7th Minister of Culture, Youth and Sports
- In office 30 January 2018 – 7 June 2022
- Monarch: Hassanal Bolkiah
- Preceded by: Halbi Mohammad Yussof
- Succeeded by: Nazmi Mohamad

8th Commander of the Royal Brunei Armed Forces
- In office 31 December 2009 – 29 January 2014
- Deputy: Mohammad Tawih
- Preceded by: Halbi Mohammad Yussof
- Succeeded by: Mohammad Tawih

7th Commander of the Royal Brunei Land Force
- In office 12 December 2008 – 13 November 2009
- Deputy: Yussof Abdul Rahman
- Preceded by: Rosli Chuchu
- Succeeded by: Yussof Abdul Rahman

High Commissioner of Brunei to the United Kingdom
- In office 15 May 2014 – 30 January 2018
- Preceded by: Aziyan Abdullah
- Succeeded by: Rooslina Weti

Personal details
- Born: 23 July 1966 (age 59) Brunei
- Spouse: Nurhayana Janis Abdullah
- Parent(s): Abidin Abdul Rashid (father) Fatimah Razali (mother)
- Education: Australian Defence College
- Profession: Military officer; diplomat;

Military service
- Branch/service: Royal Brunei Land Force
- Years of service: 1988–2014
- Rank: Major General
- Unit: First Battalion RBLF Auxiliary Battalion RBLF International Monitoring Team
- Commands: Head of Research Wing Strategic Planning Ministry of Defence Second Battalion RBLF Training Institute RBAF

= Aminuddin Ihsan =

Bruneian military officer (born 1966)

Aminuddin Ihsan bin Haji Abidin (born 23 July 1966) is a Bruneian civil servant, diplomat, and military officer.

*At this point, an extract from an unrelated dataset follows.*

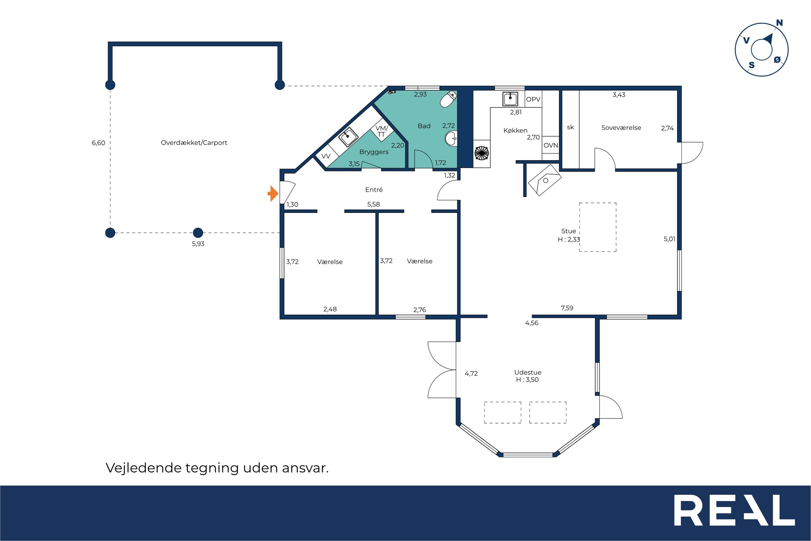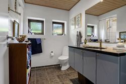 Boligen fremstår pæn og velholdt, og allerede i entréen fornemmer man den gode plads og funktionalitet. Her er god opbevaringsplads til overtøj og sko, og i direkte forlængelse ligger det praktiske bryggers med både skabe, håndvask og installationer til vaskemaskine og tørretumbler. I husets værelsesafsnit finder man to rummelige og indbydende værelser, samt et pænt og velholdt badeværelse med god størrelse og tidløse materialer.

He served as the commander of the Royal Brunei Land Force (RBLF) from 2008 to 2009 and later as the commander of the Royal Brunei Armed Forces (RBAF) from 2009 to 2014. Following his military career, he was appointed Brunei's high commissioner to the United Kingdom from 2014 to 2018 before serving as the minister of culture, youth, and sports (MCYS) from 2018 to 2022. Additionally, he led Brunei’s first contingent in the International Monitoring Team (IMT) in Mindanao.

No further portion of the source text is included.